**Exercise requirements**.
When copying the data below, keep only the lines from the one with "Va da sè che" through the one with "本機能は、各企業やサービスが", word for word, and skip the pictures.

**Exercise data**.
⁂
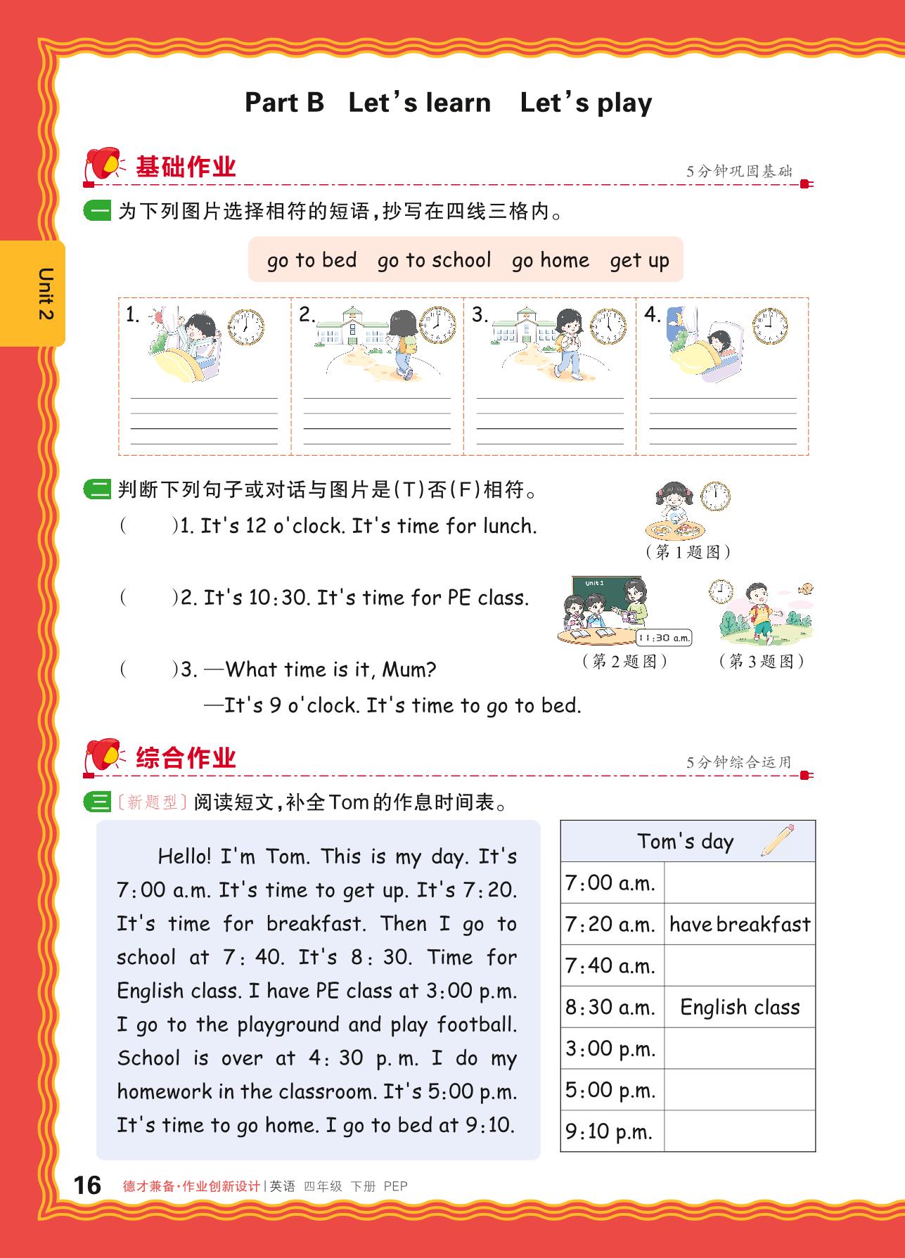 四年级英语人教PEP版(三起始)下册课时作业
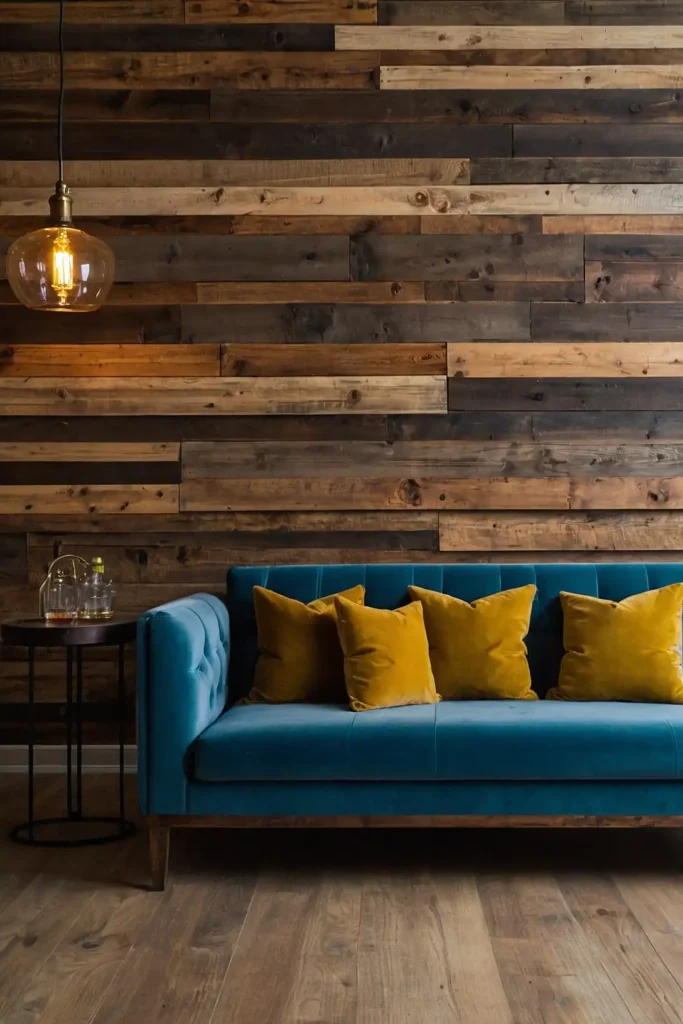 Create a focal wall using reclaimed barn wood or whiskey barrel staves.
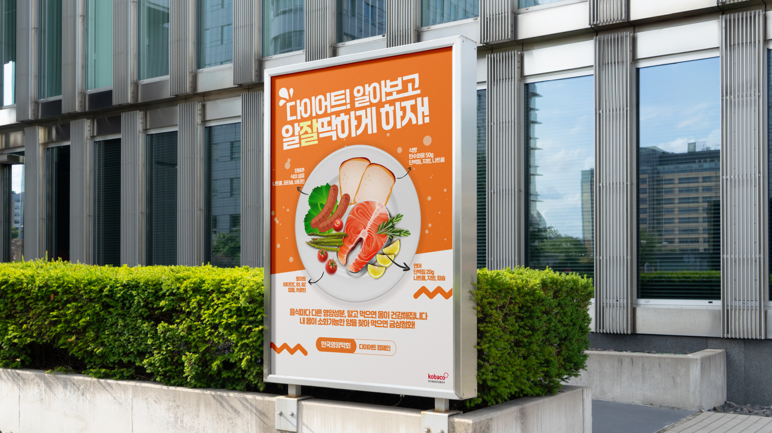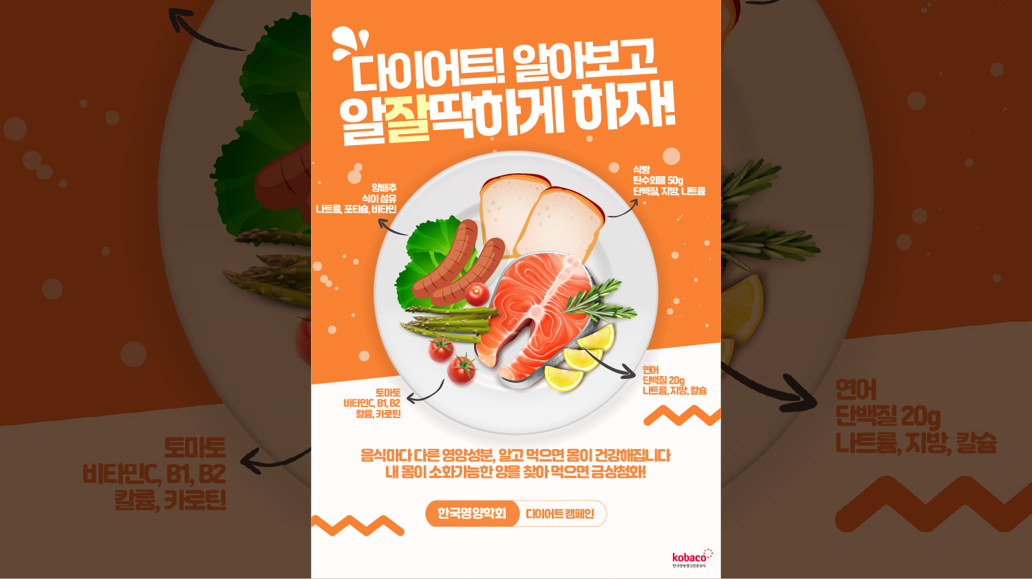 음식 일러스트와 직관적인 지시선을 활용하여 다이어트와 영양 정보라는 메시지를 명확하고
⁂
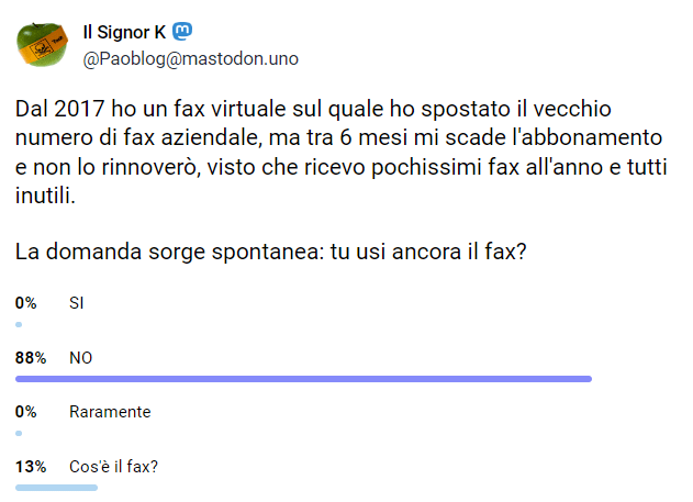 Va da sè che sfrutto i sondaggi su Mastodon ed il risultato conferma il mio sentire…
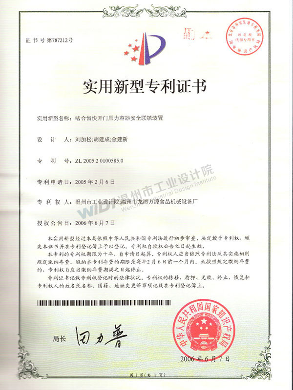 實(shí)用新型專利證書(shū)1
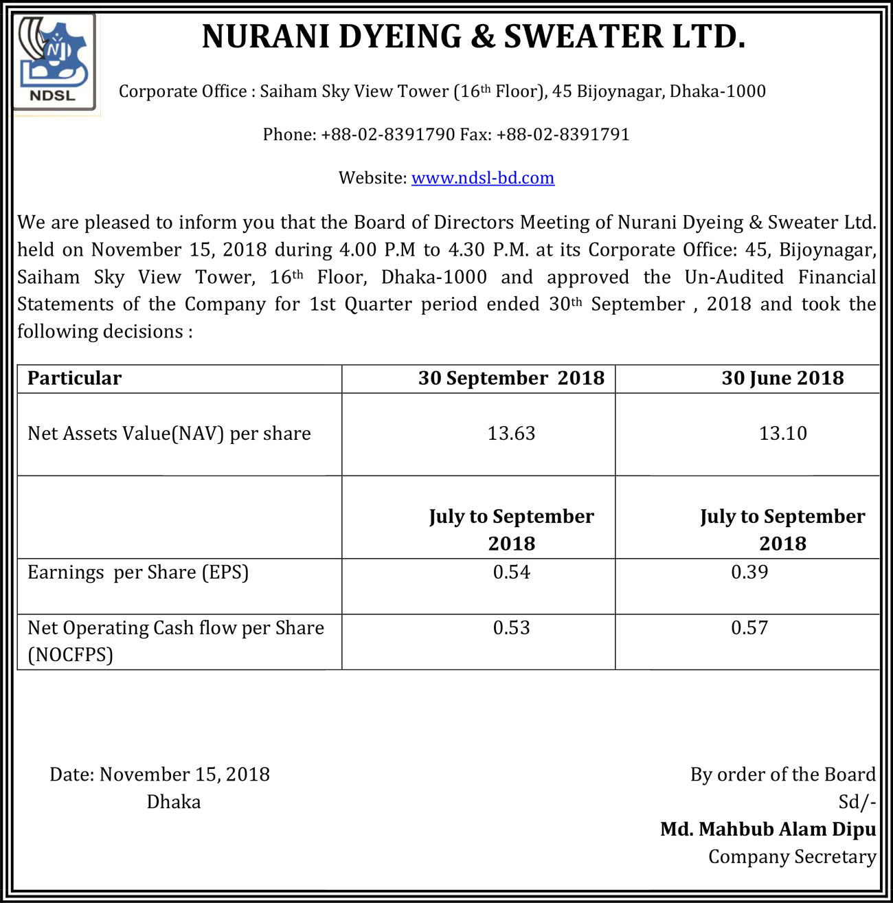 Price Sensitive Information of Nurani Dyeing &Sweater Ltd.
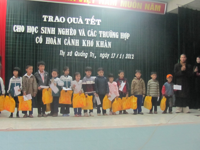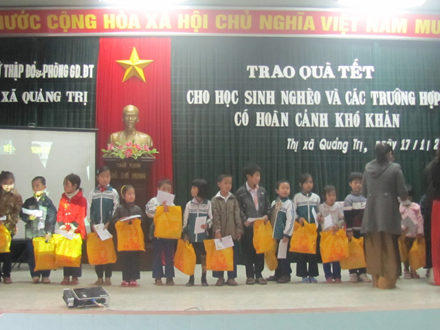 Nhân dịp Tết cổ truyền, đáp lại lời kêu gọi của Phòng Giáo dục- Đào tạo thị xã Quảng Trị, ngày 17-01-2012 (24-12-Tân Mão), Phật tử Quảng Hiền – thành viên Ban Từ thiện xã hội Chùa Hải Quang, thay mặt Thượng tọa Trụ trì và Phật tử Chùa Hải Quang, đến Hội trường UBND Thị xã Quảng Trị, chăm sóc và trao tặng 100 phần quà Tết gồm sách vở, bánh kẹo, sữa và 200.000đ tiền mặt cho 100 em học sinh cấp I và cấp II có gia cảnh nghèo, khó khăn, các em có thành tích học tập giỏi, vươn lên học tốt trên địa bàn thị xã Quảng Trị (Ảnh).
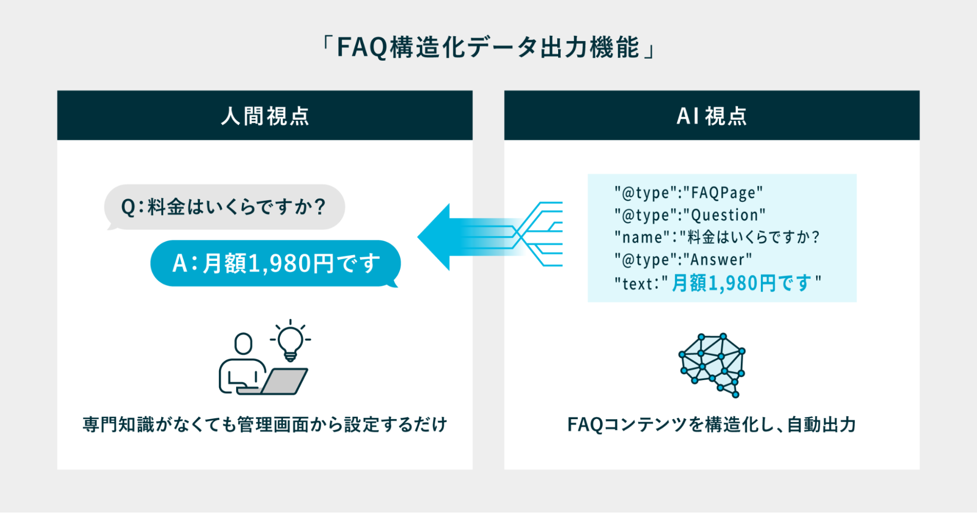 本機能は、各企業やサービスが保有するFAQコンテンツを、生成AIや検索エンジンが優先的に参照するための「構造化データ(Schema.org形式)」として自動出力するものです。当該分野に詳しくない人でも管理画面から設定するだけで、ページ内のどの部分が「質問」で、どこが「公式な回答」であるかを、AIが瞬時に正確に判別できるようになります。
⁂
**Exercise answer**.
 Va da sè che sfrutto i sondaggi su Mastodon ed il risultato conferma il mio sentire…
 實(shí)用新型專利證書(shū)1
 Price Sensitive Information of Nurani Dyeing &Sweater Ltd.
 Nhân dịp Tết cổ truyền, đáp lại lời kêu gọi của Phòng Giáo dục- Đào tạo thị xã Quảng Trị, ngày 17-01-2012 (24-12-Tân Mão), Phật tử Quảng Hiền – thành viên Ban Từ thiện xã hội Chùa Hải Quang, thay mặt Thượng tọa Trụ trì và Phật tử Chùa Hải Quang, đến Hội trường UBND Thị xã Quảng Trị, chăm sóc và trao tặng 100 phần quà Tết gồm sách vở, bánh kẹo, sữa và 200.000đ tiền mặt cho 100 em học sinh cấp I và cấp II có gia cảnh nghèo, khó khăn, các em có thành tích học tập giỏi, vươn lên học tốt trên địa bàn thị xã Quảng Trị (Ảnh).
 本機能は、各企業やサービスが保有するFAQコンテンツを、生成AIや検索エンジンが優先的に参照するための「構造化データ(Schema.org形式)」として自動出力するものです。当該分野に詳しくない人でも管理画面から設定するだけで、ページ内のどの部分が「質問」で、どこが「公式な回答」であるかを、AIが瞬時に正確に判別できるようになります。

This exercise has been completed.